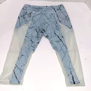 Varley Blue White Marble Print Leggings With Mesh Side Cutouts Cropped Size S
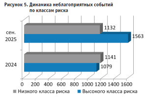 О значительном повышении уровня информированности среди участников системы, особенно среди медицинского персонала, свидетельствует анализ данных, интегрированных в автоматизированную информационную систему здравоохранения. К сентябрю 2025 года количество сообщений о нежелательных явлениях, связанных с использованием медицинских изделий, достигло уровня, зафиксированного по итогам предыдущего года (рис. 4). Важно отметить, что наблюдается существенный рост числа сообщений о неблагоприятных событиях, связанных с применением медицинских изделий высокого класса риска (рис. 5). Однако данная тенденция обусловлена интенсификацией мониторинга и отчетности в этой области среди субъектов обращения медицинских изделий, а не снижением их качества.
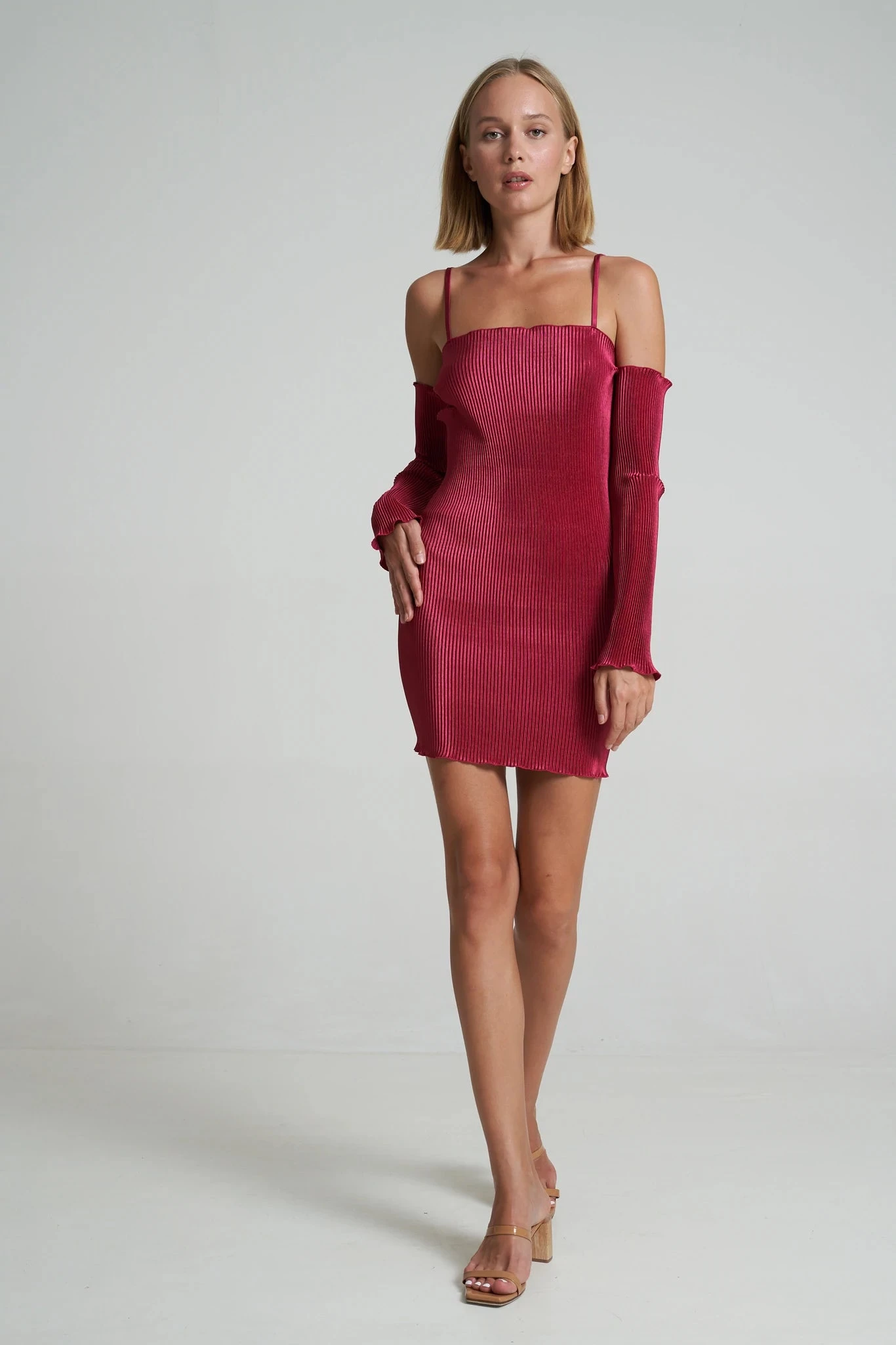 The perfect cocktail ensemble. A figure hugging silhouette in an iconic soirée pleat, featuring long detachable sleeves and delicate straps the shape flatters all parts of the female form.
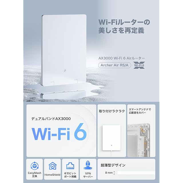 商品名:TP-Link WiFi 無線LAN ルーター AX3000規格 2402+574Mbps EasyMesh VPNサーバー スマートアンテナ Archer Air R5/A
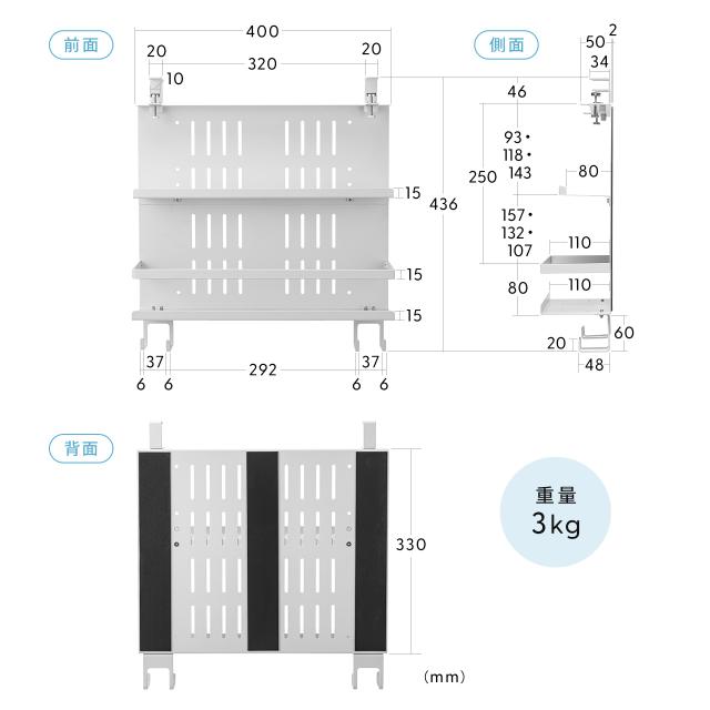 ■カラー:ブラック 200-CB052BK ホワイト 200-CB052W■サイズ:約W400×D110×H436mm(クランプ、フック取付け時)

#### [Instructions to follow]
All of the entries above are to be written out exactly, with no pictures.

#### [Task response]
 Varley Blue White Marble Print Leggings With Mesh Side Cutouts Cropped Size S
 О значительном повышении уровня информированности среди участников системы, особенно среди медицинского персонала, свидетельствует анализ данных, интегрированных в автоматизированную информационную систему здравоохранения. К сентябрю 2025 года количество сообщений о нежелательных явлениях, связанных с использованием медицинских изделий, достигло уровня, зафиксированного по итогам предыдущего года (рис. 4). Важно отметить, что наблюдается существенный рост числа сообщений о неблагоприятных событиях, связанных с применением медицинских изделий высокого класса риска (рис. 5). Однако данная тенденция обусловлена интенсификацией мониторинга и отчетности в этой области среди субъектов обращения медицинских изделий, а не снижением их качества.
 The perfect cocktail ensemble. A figure hugging silhouette in an iconic soirée pleat, featuring long detachable sleeves and delicate straps the shape flatters all parts of the female form.
 商品名:TP-Link WiFi 無線LAN ルーター AX3000規格 2402+574Mbps EasyMesh VPNサーバー スマートアンテナ Archer Air R5/A
 ■カラー:ブラック 200-CB052BK ホワイト 200-CB052W■サイズ:約W400×D110×H436mm(クランプ、フック取付け時)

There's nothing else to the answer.